→ Problem:
Below are some records. Write out exactly their lines from the one with "Felpa Kids Zoodie" through the one with "Strabag und Wiener", and leave the pictures behind.

→ Input data:
__________

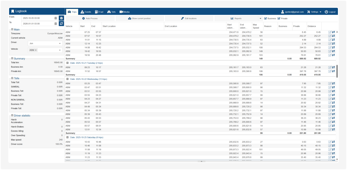 Driver Score – the overall score of the driver’s style: the higher the score, the more careful and economical the driving
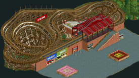 Coaster: pretty cool Planter: too dense Brick wall along the coaster: great idea, love it Actual station: messy, bland Midway games: awkward placement Cyclone sign: overshadowed by everything, needs a more prominent place. MAybe on the coaster itself Overall: not bad
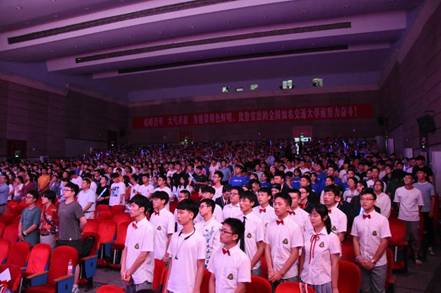 “我和我的祖国,一刻也不能分割,无论我走到哪里,都流出一首赞歌……”。晚会上,红旗舞动,青春飞扬;台上老师们倾情献唱,台下千余师生激昂相和,共同唱响《我和我的祖国》,为祖国七十华诞献礼!为天佑学子壮行!
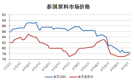 今日泰國(guó)原料表現(xiàn)堅(jiān)挺,停割期間原料價(jià)格抗跌。USS漲0.1銖至78.5銖,RSS3跌0.7銖至81.39銖,膠水漲1銖至78銖。中心市場(chǎng)到貨量不多,USS五大市場(chǎng)共成交483.1噸,RSS共成交163.2噸。目前南部已80%停割,產(chǎn)量只有正常的20%,膠農(nóng)庫(kù)存前期也多已出清,目前銷(xiāo)售壓力不大。預(yù)計(jì)南部將于4月初開(kāi)割。
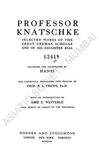 Professor Knatschke: Selected Works of the Great German Scholar and of his Daughter Elsa
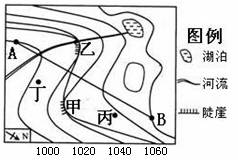 10.下图为某山地的局部等高线图,等高距为20米,AB为空中索道,乘索道上行的方向是:
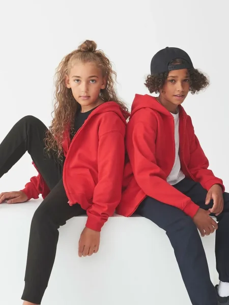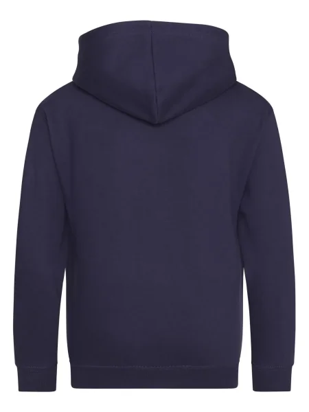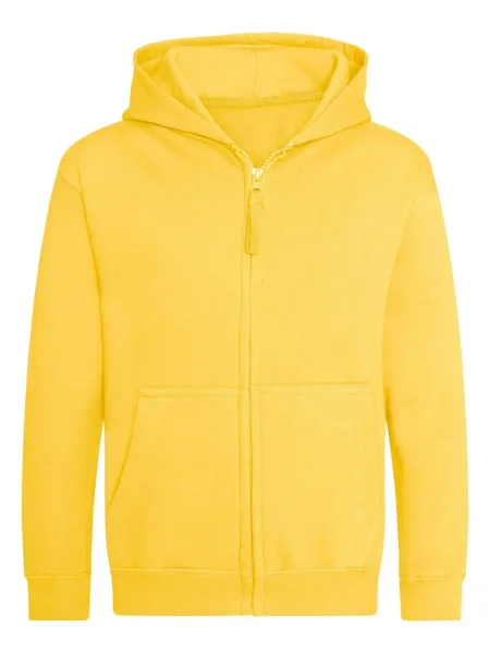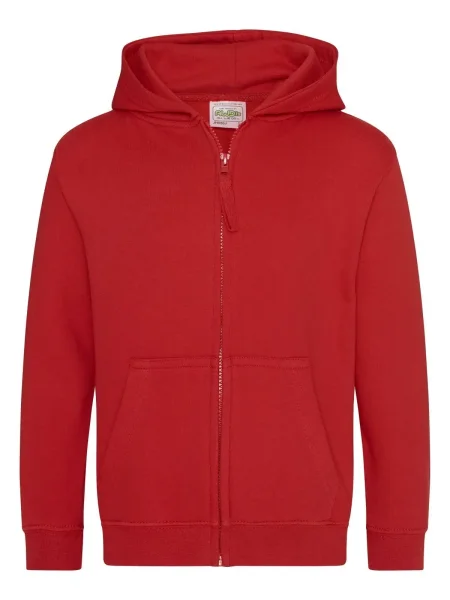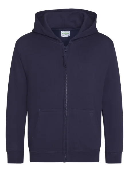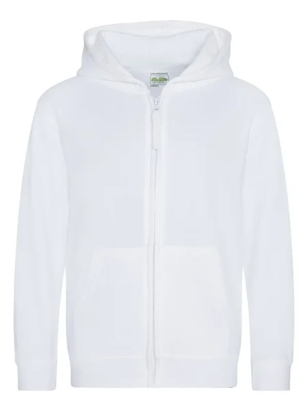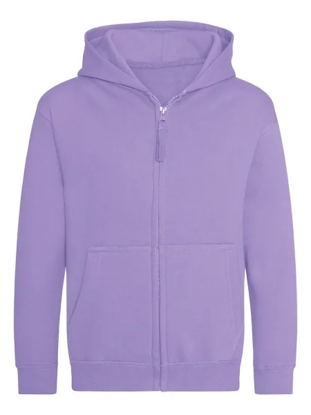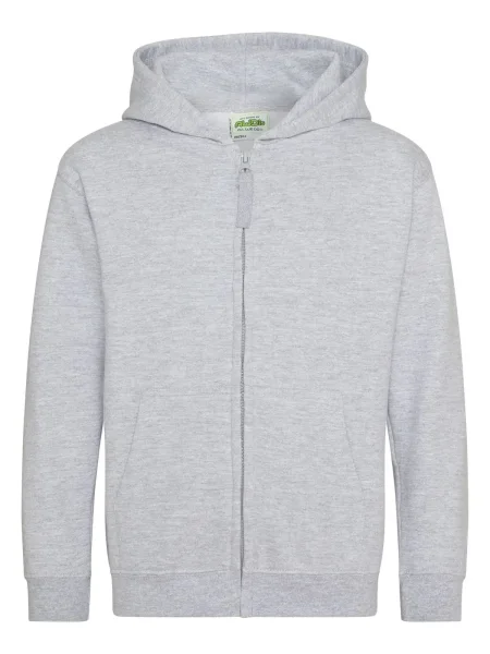 Felpa Kids Zoodie Just Hoods AWDis.Felpa da bambino con cappuccio a doppio strato, cerniera tono su tono nascosta, tasca a marsupio, maniche e vita con polsini, etichetta strappabile. Produzione certificata WRAP (Worldwide Responsible Accredited Production).
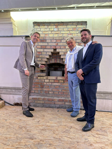 Strabag und Wiener Staatsoper legen den Grundstein für den Französischen Saal im Künstlerhaus, Grundsteinlegung und Einbringung der Zeitkapsel durch Bogdan Roščić, Hans Peter Haselsteiner und Klemens Haselsteiner, Credit: Strabag/Atha Athanasiadis, © Aussender (24.05.2023)
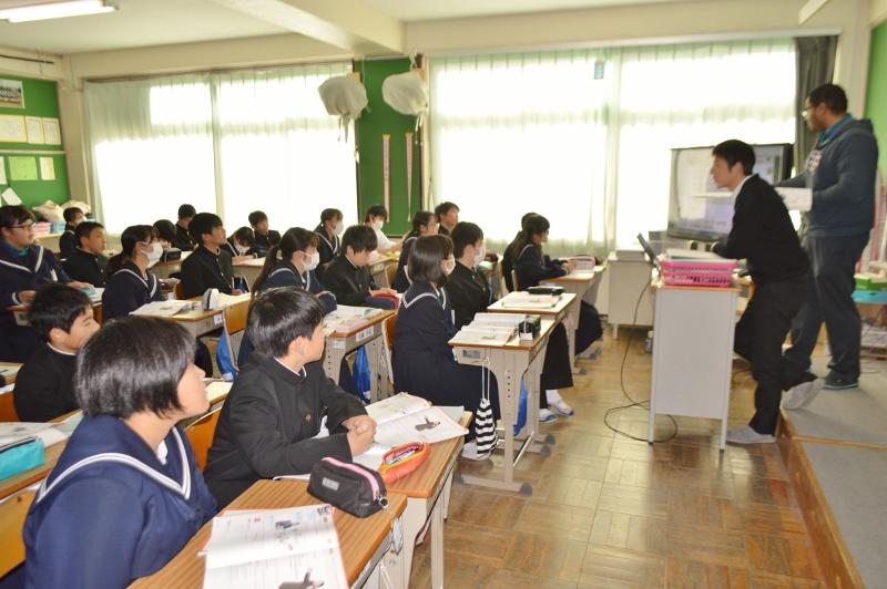 日々の様子 全ての記事 全ての記事 カテゴリ 今日の出来事 連絡事項 報告事項 ミーティング 本・雑誌 ニュース 映画・テレビ 音楽 スポーツ パソコン・インターネット ペット 総合学習 アニメ・コミック アーカイブ 2025年12月 (3) 2025年11月 (2) 2025年10月 (18) 2025年9月 (4) 2025年8月 (2) 2025年7月 (1) 2025年6月 (5) 2025年5月 (17) 2025年4月 (8) 2025年3月 (6) 2025年2月 (3) 2025年1月 (7) 2024年12月 (4) 2024年11月 (5) 2024年10月 (16) 2024年9月 (14) 2024年8月 (3) 2024年7月 (5) 2024年6月 (6) 2024年5月 (16) 2024年4月 (8) 2024年3月 (9) 2024年2月 (7) 2024年1月 (8) 2023年12月 (8) 2023年11月 (9) 2023年10月 (21) 2023年9月 (18) 2023年8月 (3) 2023年7月 (14) 2023年6月 (16) 2023年5月 (26) 2023年4月 (13) 2023年3月 (0) 2023年2月 (0) 2023年1月 (0) 2022年12月 (0) 2022年11月 (0) 2022年10月 (0) 2022年9月 (0) 2022年8月 (0) 2022年7月 (0) 2022年6月 (0) 2022年5月 (0) 2022年4月 (0) 2022年3月 (0) 2022年2月 (0) 2022年1月 (0) 2021年12月 (0) 2021年11月 (0) 2021年10月 (0) 2021年9月 (1) 2021年8月 (0) 2021年7月 (1) 2021年6月 (30) 2021年5月 (5) 2021年4月 (6) 2021年3月 (100) 2021年2月 (108) 2021年1月 (105) 2020年12月 (106) 2020年11月 (120) 2020年10月 (82) 2020年9月 (97) 2020年8月 (91) 2020年7月 (110) 2020年6月 (95) 2020年5月 (151) 2020年4月 (119) 2020年3月 (100) 2020年2月 (53) 2020年1月 (48) 2019年12月 (65) 2019年11月 (73) 2019年10月 (50) 2019年9月 (19) 2019年8月 (4) 2019年7月 (7) 2019年6月 (15) 2019年5月 (15) 2019年4月 (12) 2019年3月 (13) 2019年2月 (17) 2019年1月 (10) 2018年12月 (16) 2018年11月 (27) 2018年10月 (22) 2018年9月 (29) 2018年8月 (4) 2018年7月 (6) 2018年6月 (8) 2018年5月 (13) 2018年4月 (11) 2018年3月 (0) 2018年2月 (1) 2018年1月 (0) 2017年12月 (0) 2017年11月 (0) 2017年10月 (3) 10件 1件 5件 10件 20件 50件 100件 音楽の授業で 投稿日時 : 2019/12/04 主担 カテゴリ:今日の出来事 3年生の音楽の授業では、「旅立ちの日に」の合唱練習をしていました。この歌は、卒業式によく歌われる歌です。「あと3か月でこの子達も立派に卒業していくんだなあ」と感慨にふけってしまいました。あとで、音楽の先生に聞いたところ、違う曲を卒業式で歌うそうです。 {{options.likeCount}} {{options.likeCount}} 数学の授業で 投稿日時 : 2019/12/04 主担 カテゴリ:今日の出来事 1年生の数学の授業では、「図形の移動」を行っています。三角定規などを使って、平行移動を行っていました。グループの仲間と協力して、教え合う様子が見られました。 {{options.likeCount}} {{options.likeCount}} 体育の授業で 投稿日時 : 2019/12/04 主担 カテゴリ:今日の出来事 外は冷たい風が吹いています。日差しが当たると温かいです。1年生の体育の授業では、持久走を行っていました。今日は天気もよく、運動場で元気よく走っています。 {{options.likeCount}} {{options.likeCount}} 英語の授業で 投稿日時 : 2019/12/04 主担 カテゴリ:今日の出来事 3時間目、1年生の英語の授業では、道案内の授業を行っていました。来年はオリンピックイヤーです。「Excuse me. I'm looking for ○○.」なんて質問されるかもしれませんね。 {{options.likeCount}} {{options.likeCount}} 秋ですね 投稿日時 : 2019/12/03 主担 カテゴリ:今日の出来事 16時35分。生徒は全員下校しました。本館校舎3階の2年1組の窓からは、きれいな夕焼けが見えます。一日慌ただしく過ごした後の、ご褒美のような感じがします。みなさんは夕焼けを見ていますか。子どもの頃は、日が暮れるまで遊んでいて、毎日のように夕焼けを見ていたのに。今はほとんど見ることがありませんでした。あくせく働いているのみで、美しいものに全く気づかないまま毎日を終えていたように思います。たまには、ゆっくりと夕焼けを眺めてみませんか。インターネットなどの画像ではなく。 {{options.likeCount}} {{options.likeCount}} FS集会を行いました! 投稿日時 : 2019/12/03 主担 カテゴリ:今日の出来事 今日の7時間目、FS集会を行いました。会の初めに、表彰を行いました。陸上競技大会、競書大会、実践体験文とポスターの表彰を行いました。生徒会からは、10分間配膳について、美化委員会からは「心を磨く掃除」の啓発に向けての発表がありました。そして、今回から2年生の指揮と伴奏によって校歌を歌いました。最後に、生徒指導主事より、校則改正の話があり、来年度より女子のスラックスの導入。そして、明日から白色のソックスの他に、黒色と紺色の追加の連絡がありました。これからも前向きに校則について考えていきたいと考えています。ブラックな校則があったら相談してください。 {{options.likeCount}} {{options.likeCount}} 体育の時間に 投稿日時 : 2019/12/02 主担 カテゴリ:連絡事項 今日は朝から大雨が降りました。廊下も結露で水たまりのようでした。5時間目、2年生は体育館で持久走の練習が始まりました。体育館の端から端まで、シャトルランを行っていました。 {{options.likeCount}} {{options.likeCount}} 学年集会を行いました 投稿日時 : 2019/12/02 主担 カテゴリ:今日の出来事 1時間目、2年生は武道館で学年集会を行いました。「陰」からイメージするマイナスの言葉だけでなく、「陰」に「お」と「様」を足した「お陰様」

__________

→ Answer space:
 Felpa Kids Zoodie Just Hoods AWDis.Felpa da bambino con cappuccio a doppio strato, cerniera tono su tono nascosta, tasca a marsupio, maniche e vita con polsini, etichetta strappabile. Produzione certificata WRAP (Worldwide Responsible Accredited Production).
 Strabag und Wiener Staatsoper legen den Grundstein für den Französischen Saal im Künstlerhaus, Grundsteinlegung und Einbringung der Zeitkapsel durch Bogdan Roščić, Hans Peter Haselsteiner und Klemens Haselsteiner, Credit: Strabag/Atha Athanasiadis, © Aussender (24.05.2023)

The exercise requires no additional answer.